Витя оглянулся, дождался, когда Василиса приблизится, и только потом ответил:
— Не хочу днём, перед сном приду. Такая суета, все отвлекают и болтают. Тишины хочу.
— А ты знаешь, как это будет?
— Галина рассказывала. Она съела яблоко мамы. Это очень остро, будто ты сам всё это проживаешь. Лучше без свидетелей.
— Я всё жду яблоко Шуры, — вздохнула Василиса.
Галина наблюдала за их беседой, стоя позади, и тоже смотрела на яблоко, наливное, с аппетитной красной щёчкой. Что ж, сегодня Витя заглянет в её прошлое. Пусть увидит, как она жила с мужем, не знала любви и тепла, тосковала по родному дому, как хотела вернуться в Славянск и трусила уйти. Боялась осуждения соседей и жалости родных.

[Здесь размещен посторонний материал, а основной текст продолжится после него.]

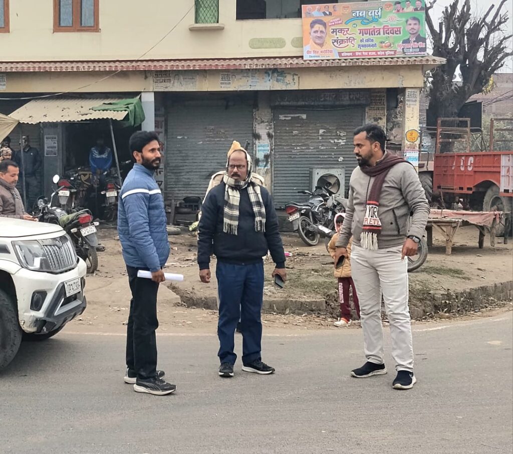 ठठिया कन्नौज। मानीमऊ तिराहे पर ठठिया मे लगने वाली आजादी के महानायक क्रांतिकारी चंद्रशेखर आजाद की प्रतिमा के लिए उपजिलाधिकारी राजेश कुमार चौरसिया ने भाजपा आईटी सेल कन्नौज जिलाध्यक्ष अभिषेक पाण्डेय के साथ भूमि का निरीक्षण किया । इस दौरान राजस्व टीम ने भूमि को चिन्हित कर तिराहे पर निशान लगाया। उपजिलाधिकारी ने जानकारी देते हुए बताया कि बहुत जल्द तिराहे पर प्रतिमा स्थापना होगी। इस दौरान जिलाध्यक्ष अभिषेक पाण्डेय ने कहा कि मां भारती को गुलामी की जंजीरो से आजाद कराने के लिए महापुरुष क्रांतिकारी चंद्रशेखर आजाद ने फिरंगियो को घुटने टेकने पर मजबूर कर दिया था और स्वंय बलिदान देकर अमर हो गए थे। यह ठठिया क्षेत्र की जनता का सौभाग्य है जो उनके तिराहे पर महानायक की मूर्ति अनंतकाल के लिए स्थापित होने जा रही है। इस दौरान हरिओम ओमर, सौरभ कुशवाह, लेखपाल अभिषेक यादव समेत आमजनमानस मौजूद रहा।

Василиса осторожно погладила Витю по плечу.
— Если хочешь, я буду рядом.
Он накрыл её руку своей ладонью.
— Знаю, Васюш, ты всегда рядом.
Галина отступила назад. Хотя они её не видели, наблюдать их беседу было неловко. Оставив их наедине, она вышла во двор, а потом пересекла дорогу и заглянула в Дом молодых. За дни, пока зрело её яблоко, она познакомилась со своими двоюродными внуками и племянником Мишкой. Его она знала ещё пацаненком-первоклассником. Сейчас он напоминал Витю, только черты лица сложились мягче, он больше улыбался и чаще целовал жену.
В детстве было у него необычное увлечение: он постоянно переделывал слова, одеяло — в одеялково, ковёр — в коврей, — с возрастом эта странная привычка не исчезла. Он до сих пор так разговаривал, добавлял окончания или заменял слово похожим по звучанию. Каламбурил не всегда удачно, но Полина ни разу не упрекнула его в плохом чувстве юмора, смотрела на него завороженно и влюбленно, будто они только познакомились, искренне смеялась над всеми его шутками и постоянно к нему ластилась.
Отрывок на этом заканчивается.